Victoria didn’t care what Jason did, so long as he knew she was alive. She jumped down from the carriage, leaving Captain Farrell to look after her great-grandmother, and raced to the front door. Finding it locked, she lifted the knocker and used it with a vengeance. It seemed to take forever before the door slowly opened.

“Northrup!” Victoria burst out. “Where is Jason?”

The butler blinked at her in the dim light, then blinked again.

“Please don’t stare at me as if I’m a ghost. This has all been a misunderstanding! Northrup,” she said desperately, laying her warm hand upon his cold cheek. “I am not dead!”

“He’s—he’s—” A broad grin suddenly burst across Northrup’s taut features. “He’s in his study, my lady, and may I say how very happy I—”

Too frantic to listen, Victoria ran down the hall toward Jason’s study, combing her fingers through her hair on the way.

“Victoria?” Charles burst out from the balcony above. “Victoria!”

“Grandmama will explain everything, Uncle Charles,” Victoria called, and kept running.
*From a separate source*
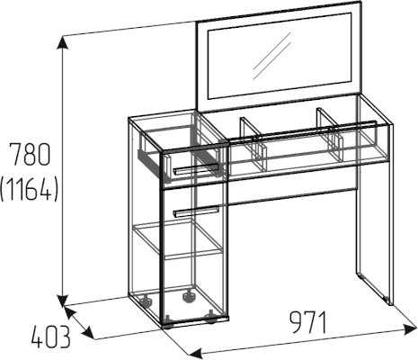 Простой с виду туалетный столик из коллекции Норвуд обладает интересной конструкцией. Откидная контрастная крышка стола скрывает нишу с органайзером для хранения мелких аксессуаров. На внутренней стороне крышки - зеркало, перед которым удобно наносить макияж и проводить косметические процедуры. Сбоку – отделение с полками за распашной дверцей и выдвижным ящиком, фасад которого выполнен из ЛДСП цвета Орех Шоколадный. Закрытый столик можно использовать для работы на ноутбуке или с документами. Модуль можно собирать как на левую, так и на правую сторону.

At Jason’s study, she put her shaking hand on the door handle, momentarily paralyzed by the enormity of the disaster she had caused; then she drew a shivering breath and stepped inside, closing the door behind her.

Jason was sitting in a chair near the window, his elbows upon his parted knees, his head in his hands. On the table beside him were two empty bottles of whiskey and the onyx panther she had given him.

Victoria swallowed past the lump of remorse in her throat and started forward. “Jason—” she said softly.

His head lifted slowly and he gazed at her, his face a ravaged mask, his haunted eyes looking right through her as if she were an apparition. “Tory,” he groaned in anguish.

Victoria stopped short, watching in horror as he leaned his head against the back of his chair and squeezed his eyes closed.

“Jason,” she burst out frantically. “Look at me.”

“I see you, darling,” he whispered without opening his eyes. His hand went to the panther on the table beside him, lovingly stroking its back. “Talk to me,” he pleaded in an agonized voice. “Don’t ever stop talking to me, Tory. I don’t mind being insane, as long as I can hear your voice—”

“Jason!” Victoria screamed, racing forward and frantically clutching his broad shoulders. “Open your eyes. I am not dead. I did not drown! Do you hear me, I didn’t!”

His glazed eyes opened, but he continued speaking to her as if she were a beloved apparition to whom he needed desperately to explain something. “I didn’t know about your Andrew’s letter,” he whispered brokenly. “You know that now, don’t you, darling? You do know it—” Suddenly he raised his tormented gaze to the ceiling and began to pray, his body arching as if he was in pain. “Oh, please!” he groaned horribly, “please tell her I didn’t know about the letter. Damn you!” he raged at God, “tell her I didn’t know!”